Responding to an avalanche of public outrage—including thousands of e-mails from United Farm Workers’ supporters—one of the scandals over which Environmental Protection Agency Administrator Scott Pruitt resigned includes trying to reverse stronger protections for farm workers from toxic pesticides that most American workers enjoyed for decades. The UFW worked closely with the Obama administration in implementing the strengthened standards in 2015. Pruitt and the Trump administration have been attempting to reconsider the minimum age requirement that prohibits children from applying pesticides, the right of farm workers to designate representatives who can access pesticide-application information on their behalf and protections for farm workers and bystanders when pesticides drift from the fields where they are applied.

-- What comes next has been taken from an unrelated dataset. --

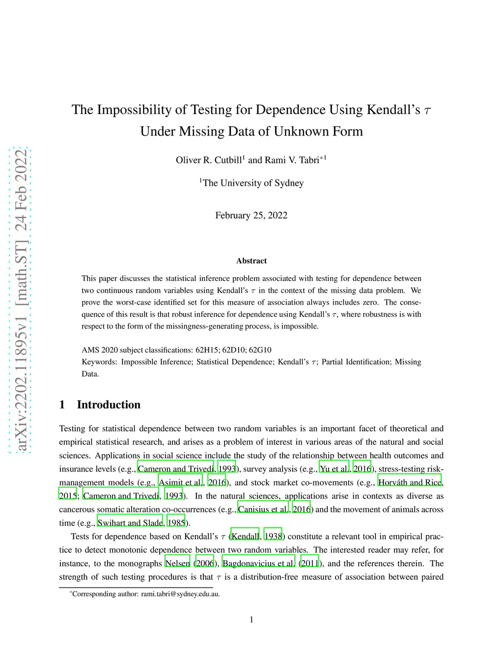 This paper discusses the statistical inference problem associated with testing for dependence between two continuous random variables using Kendall's in the context of the missing data problem. We prove the worst-case identified set for this measure of association always includes zero. The consequence of this result is that robust inference for dependence using Kendall's , where robustness is with respect to the form of the missingness-generating process, is impossible.
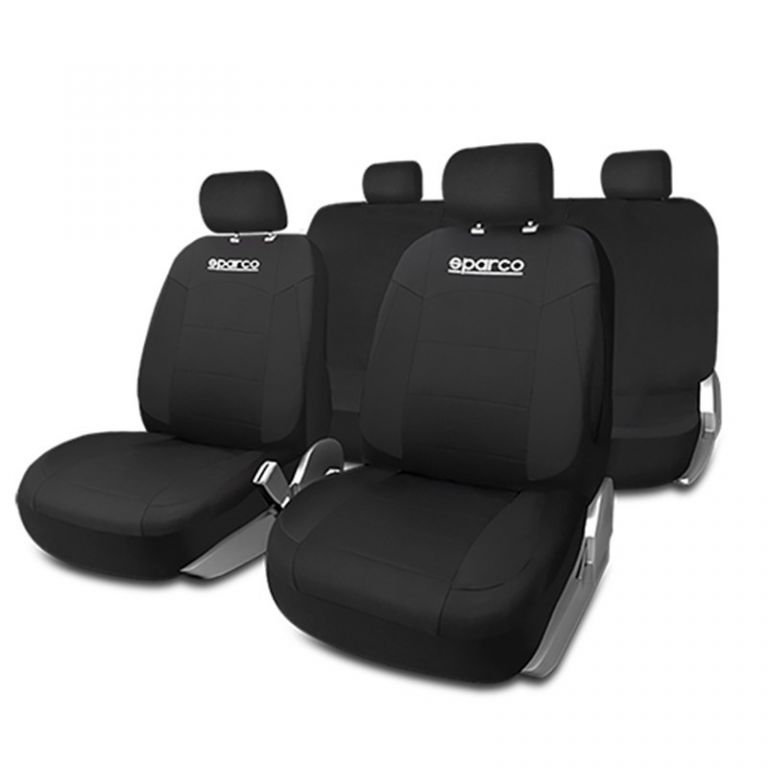 6922516334520Fantástico juego completo de fundas de asiento para coche Sparco modelo Strada en color negro. Juego completo de fundas y 5 cabezales.Ajuste universal, se adaptan a la mayoría de asientos de coche del mercado. Instalación superfácil y rápida.Fabricadas en polyester + Foam de 3 mm.Fundas de asiento con abertura lateral.Asientos traseros con 3 cremalleras para poder instalarlas a conveniencia modo 1/3 + 2/3, 1/2 + 1/2 o 2/3 + 1/3Fundas de asiento 100% lavables a máquina.Disponible en 4 colores: Negras, Azules, Grises y Rojas.

There are about 500,000 child farm workers across the nation and as many as 20,000 workers are diagnosed with pesticide poisoning each year, according to the Centers for Disease Control and Prevention. The UFW and UFW Foundation believe many more cases go undiagnosed or unreported.
Underage farm workers should not apply and handle dangerous chemicals that can harm their developing brains and bodies. Now that Pruitt is gone, will Trump’s EPA continue attempting to weaken the pesticide protections? Trump replaced Pruitt with Andrew Wheeler, a former lobbyist for the coal industry.